=== DATA SUPPLIED ===
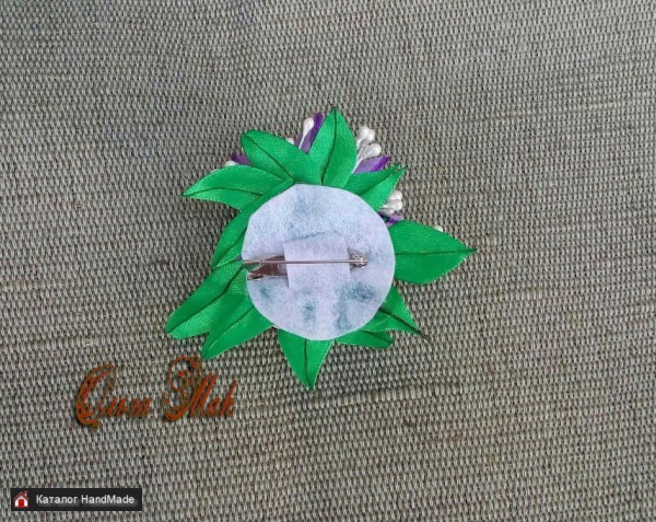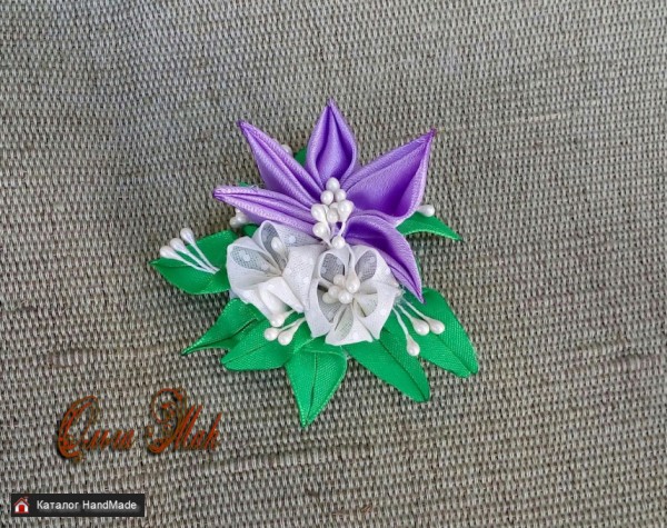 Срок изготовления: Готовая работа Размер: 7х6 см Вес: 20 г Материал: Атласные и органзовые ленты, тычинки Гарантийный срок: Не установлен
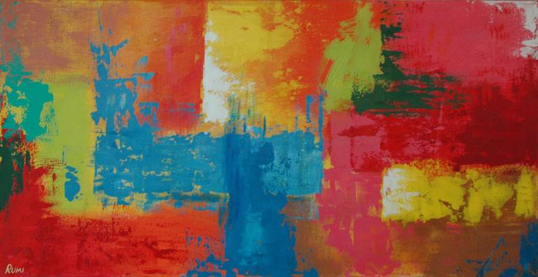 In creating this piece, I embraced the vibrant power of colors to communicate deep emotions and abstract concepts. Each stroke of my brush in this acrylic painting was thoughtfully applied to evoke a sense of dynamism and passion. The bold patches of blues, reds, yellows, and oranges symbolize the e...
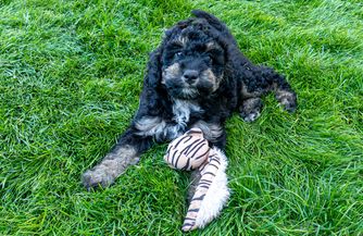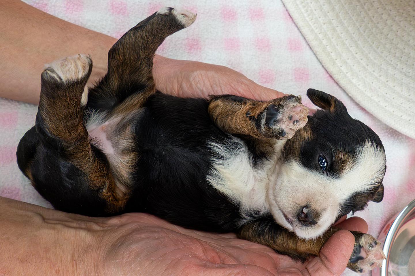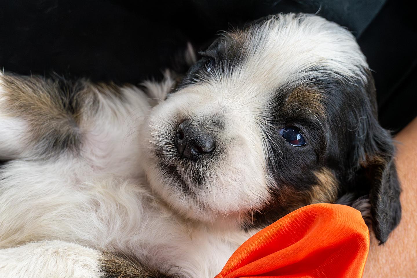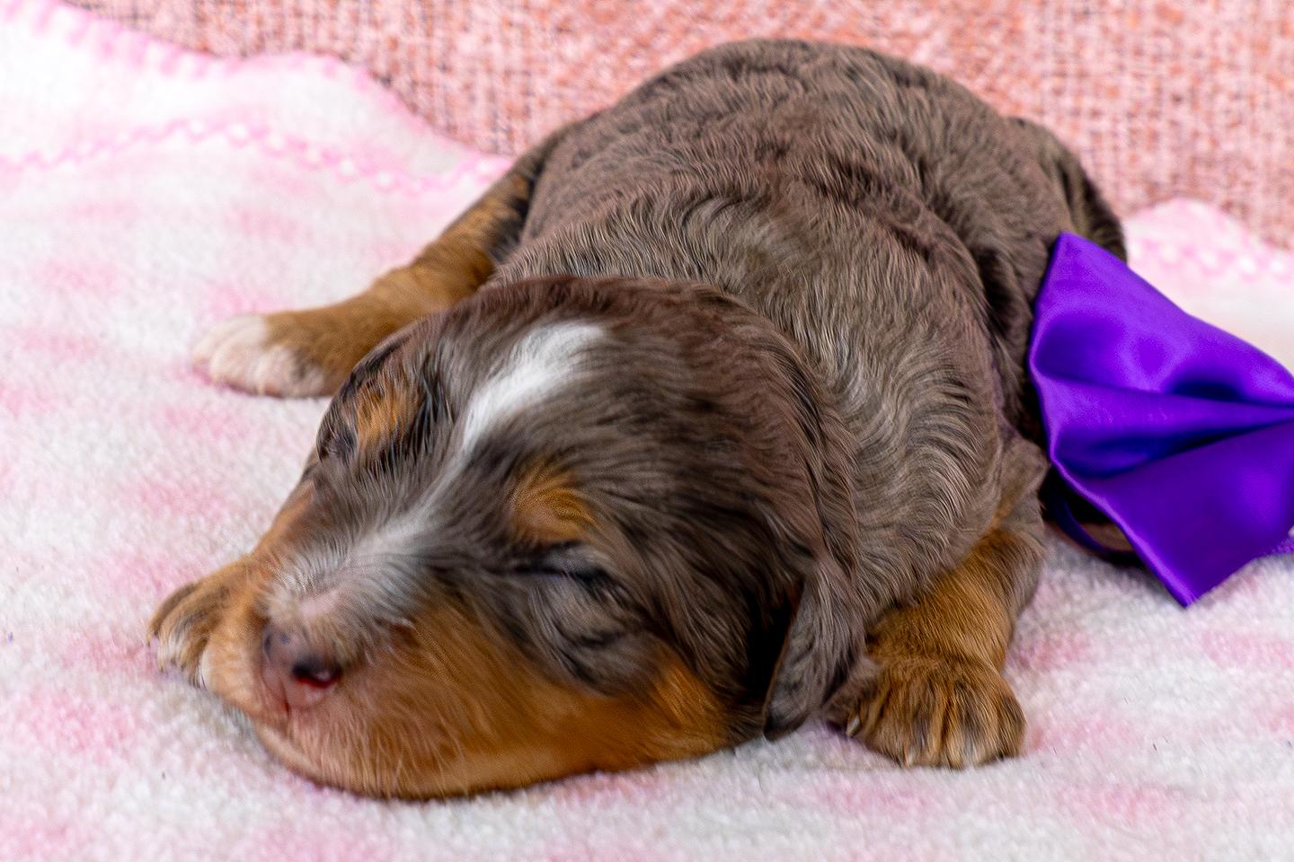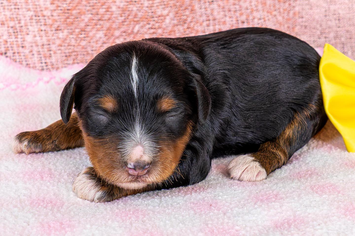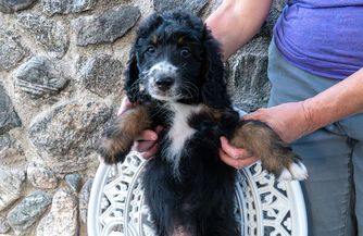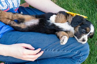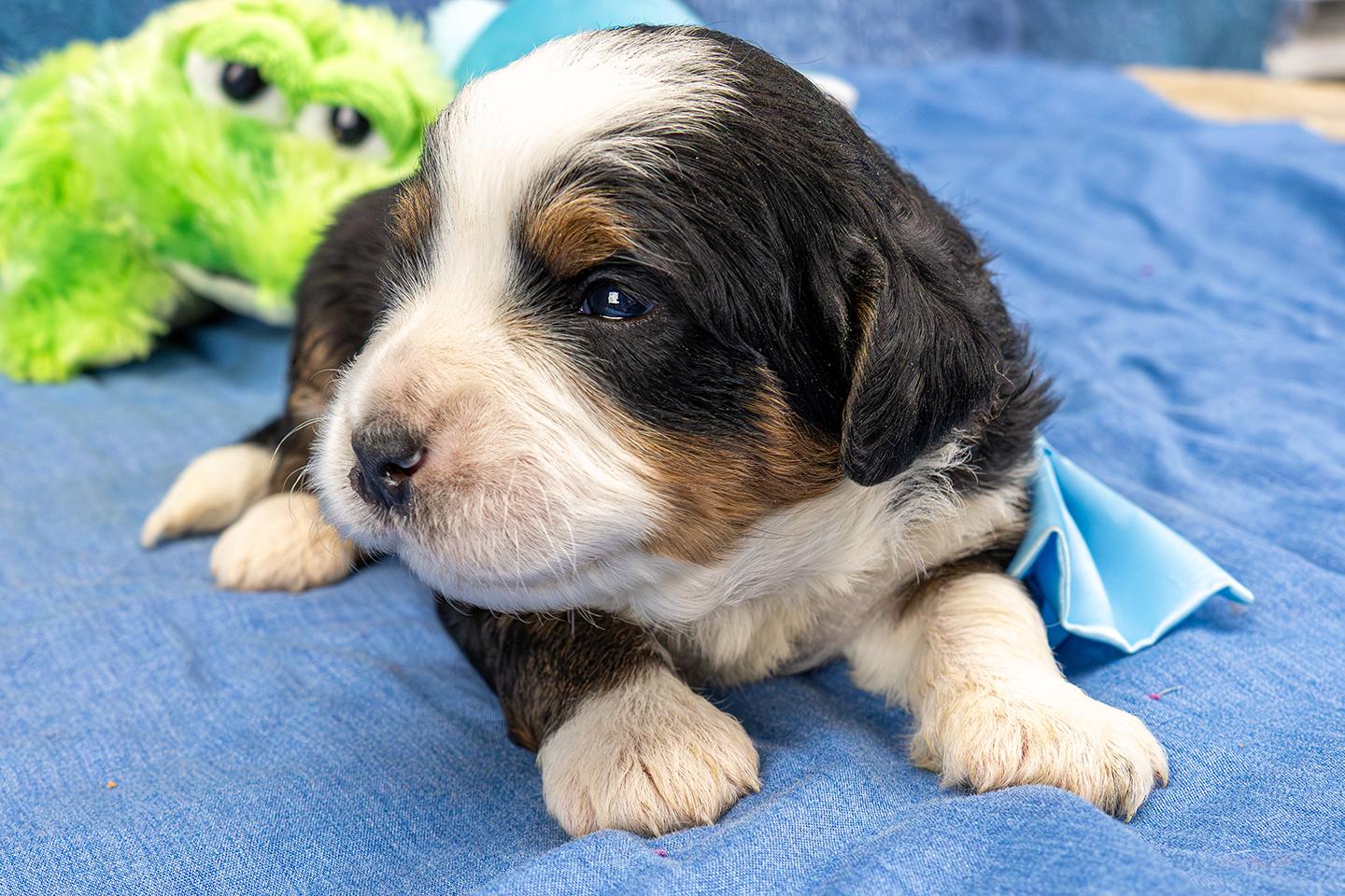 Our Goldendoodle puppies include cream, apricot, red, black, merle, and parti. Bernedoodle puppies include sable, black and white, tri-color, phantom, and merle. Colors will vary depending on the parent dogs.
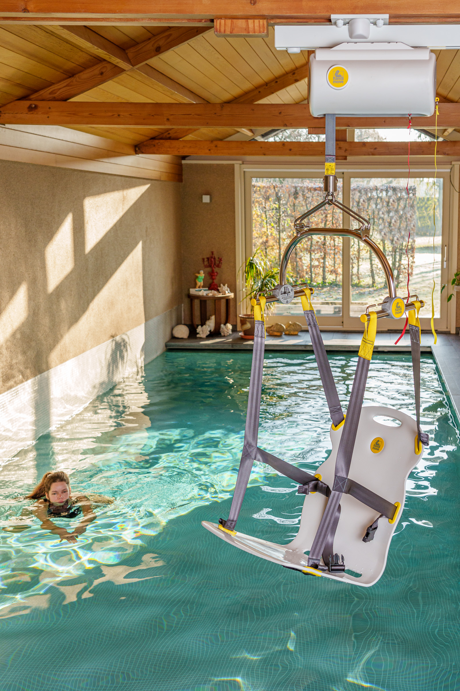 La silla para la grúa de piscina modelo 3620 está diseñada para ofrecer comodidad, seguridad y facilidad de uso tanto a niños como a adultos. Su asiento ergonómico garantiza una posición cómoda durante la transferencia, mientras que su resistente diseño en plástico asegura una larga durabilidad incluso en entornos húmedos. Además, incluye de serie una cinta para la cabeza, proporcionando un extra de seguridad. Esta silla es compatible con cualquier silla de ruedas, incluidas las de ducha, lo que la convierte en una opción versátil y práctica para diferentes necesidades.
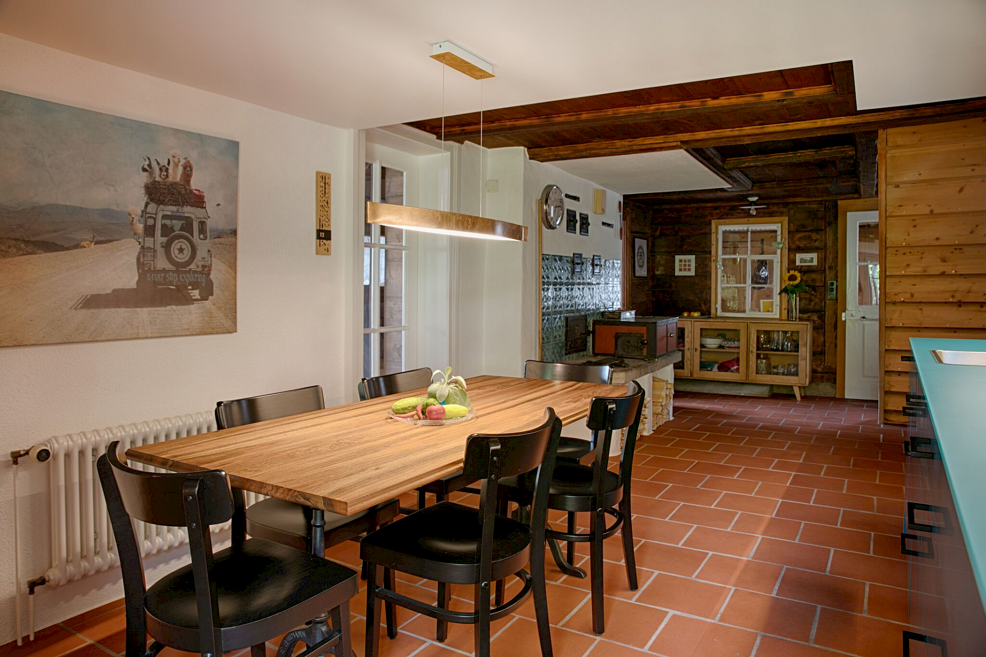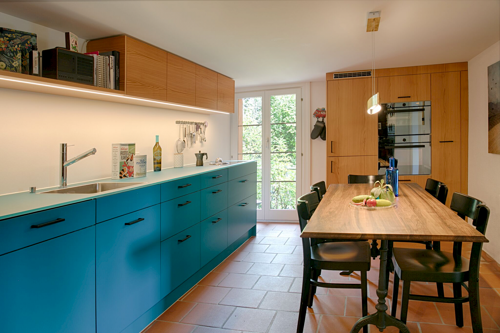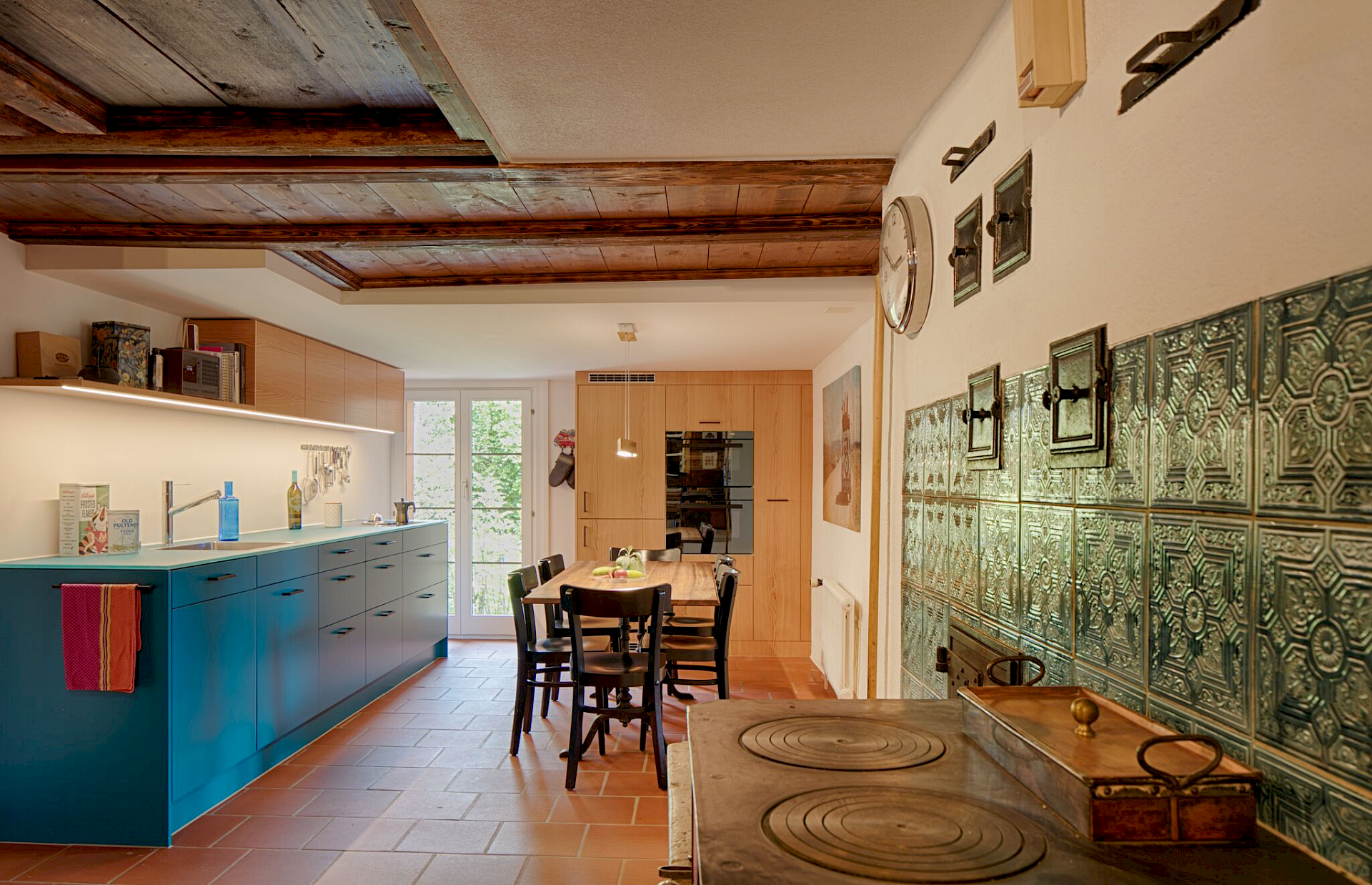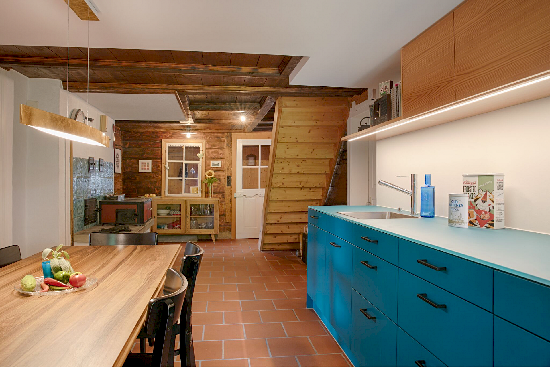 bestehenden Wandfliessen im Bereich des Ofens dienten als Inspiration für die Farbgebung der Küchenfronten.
===
*ASSIGNMENT*. Restate word for word, and only, the lines from the line that contains "Our Goldendoodle puppies" through the end of the data, both included; pictures are not part of the copy.

*SOLUTION*.
 Our Goldendoodle puppies include cream, apricot, red, black, merle, and parti. Bernedoodle puppies include sable, black and white, tri-color, phantom, and merle. Colors will vary depending on the parent dogs.
 La silla para la grúa de piscina modelo 3620 está diseñada para ofrecer comodidad, seguridad y facilidad de uso tanto a niños como a adultos. Su asiento ergonómico garantiza una posición cómoda durante la transferencia, mientras que su resistente diseño en plástico asegura una larga durabilidad incluso en entornos húmedos. Además, incluye de serie una cinta para la cabeza, proporcionando un extra de seguridad. Esta silla es compatible con cualquier silla de ruedas, incluidas las de ducha, lo que la convierte en una opción versátil y práctica para diferentes necesidades.
 bestehenden Wandfliessen im Bereich des Ofens dienten als Inspiration für die Farbgebung der Küchenfronten.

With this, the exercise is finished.